We will create a sort functor that takes two row indices, and uses these to index into appropriate rows of the matrix. That sort functor will then order the two indicated rows using element-by-element comparison.
We will use a similar method (passing two row indices) for the "equality" functor passed to thrust::unique
. The equality functor will then test the two indicated rows for equality. I could have used a for-loop here as in the sort functor, testing for equality element-by-element, but instead chose to use a nested thrust::mismatch
algorithm, for variety.
Here is a worked example:
$ cat t1033.cu
#include <thrust/device_vector.h>
#include <thrust/sort.h>
#include <thrust/unique.h>
#include <thrust/sequence.h>
#include <assert.h>
#include <iostream>
#include <thrust/execution_policy.h>
#include <thrust/mismatch.h>
typedef int mytype;
struct my_sort_func
{
int cols;
mytype *data;
my_sort_func(int _cols, mytype *_data) : cols(_cols),data(_data) {};
__host__ __device__
bool operator()(int r1, int r2){
for (int i = 0; i < cols; i++){
if (data[cols*r1+i] < data[cols*r2+i])
return true;
else if (data[cols*r1+i] > data[cols*r2+i])
return false;}
return false;
}
};
struct my_unique_func
{
int cols;
mytype *data;
my_unique_func(int _cols, mytype *_data) : cols(_cols),data(_data) {};
__device__
bool operator()(int r1, int r2){
thrust::pair<mytype *, mytype *> res = thrust::mismatch(thrust::seq, data+(r1*cols), data+(r1*cols)+cols, data+(r2*cols));
return (res.first == data+(r1*cols)+cols);
}
};
int main(){
const int ncols = 3;
mytype data[] = { 1, 2, 3, 1, 2, 3, 1, 3, 5, 2, 3, 4, 1, 2, 3, 1, 3, 5};
size_t dsize = sizeof(data)/sizeof(mytype);
assert ((dsize % ncols) == 0);
int nrows = dsize/ncols;
thrust::device_vector<mytype> d_data(data, data+dsize);
thrust::device_vector<int> rowidx(nrows); // reference rows by their index
thrust::sequence(rowidx.begin(), rowidx.end());
thrust::sort(rowidx.begin(), rowidx.end(), my_sort_func(ncols, thrust::raw_pointer_cast(d_data.data())));
int rsize = thrust::unique(rowidx.begin(), rowidx.end(), my_unique_func(ncols, thrust::raw_pointer_cast(d_data.data()))) - rowidx.begin();
thrust::host_vector<int> h_rowidx = rowidx;
std::cout << "Unique rows: " << std::endl;
for (int i = 0; i < rsize; i++){
for (int j = 0; j < ncols; j++) std::cout << data[h_rowidx[i]*ncols+j] << ",";
std::cout << std::endl;}
return 0;
}
$ nvcc -o t1033 t1033.cu
$ ./t1033
Unique rows:
1,2,3,
1,3,5,
2,3,4,
$
Notes:
I suspect overall performance would improve if the input matrix were transposed, and we were comparing columns (in the transposed matrix) instead of rows. It may provide some benefit for the sort operation, I suspect it may also provide some benefit for the unique operation. The given code however matches your description in the question, and it should be a pretty good roadmap for how to do it in the column case, although it would have to be refactored for that.

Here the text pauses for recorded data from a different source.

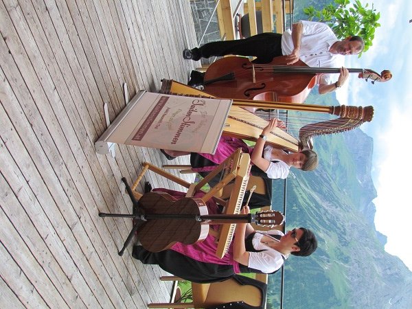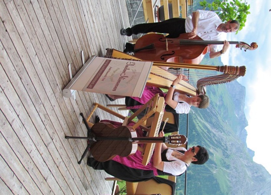 Auf der Mohnenfluhterrasse ist heute viel Betrieb zum 7. Lecher Musikantentag. Die„Saitenstimmen“ sorgen momentan für Stimmung und werden über Mittag vom „Brandenberger Saitensprung“ unterstützt.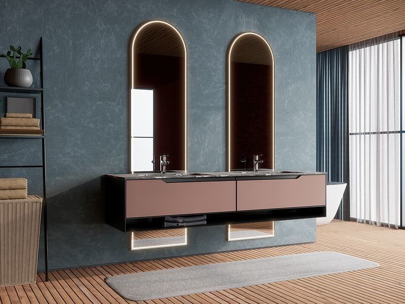 Bu banyo boşluğu, genel bir SKU yerine tasarım yönlendirilen bir sistem olarak sunuluyor.Premium paslanmaz çelik dolap yapısı ile birlikte kontrol edilen bir bitiş paleti kullanır, bu da premium konut projeleri için daha çözülmüş bir görsel kimlik yaratır.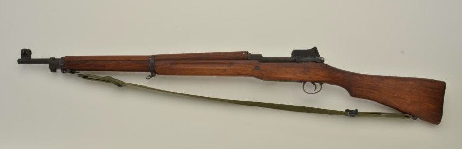 Remington Model 1917 bolt action military rifle, .30-06 cal., 26” Remington barrel dated 4-18, re-parkerized finish, wood stock, green woven sling, cleaning kit in butt trap, #294602 in overall good condition showing considerable military finish to metal surfaces with some areas of light surface rust, bore should clean to good, crisp action, good markings and very good wood stock with minor mars and scratches from carry and storage; accompanied by a tan woven soft carry case stamped “ENGLAND” in fair overall condition showing scattered rust spots and oil staining. Est.: $350-$700.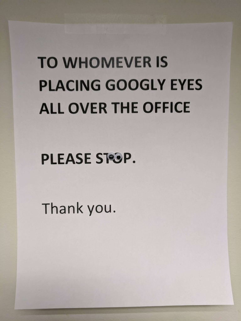 Who doesn’t love googly eyes? Just that part alone seems to be strange enough to make us question this scenario. Placing googly eyes around the office seems like a harmless enough prank to do to liven up office morale, so for management to have an issue with it makes us feel as though management is perhaps the actual issue.

This method does not actually re-order the matrix rows. For efficiency I wanted to avoid doing lots of data-movement, since the problem statement didn't seem to depend on it. If you did actually want an intermediate data set that had the matrix rows in sorted order, I would still suggest doing the above sort operation, and then use the results to re-order the matrix in a single operation, using one of two possible methods: either a scatter/gather operation, or a thrust::permuation_iterator
combined with a thrust::copy
operation.
With a bit of cleverness, a nested thrust::mismatch
operation could have been used in the sort functor as well, in place of the for-loop.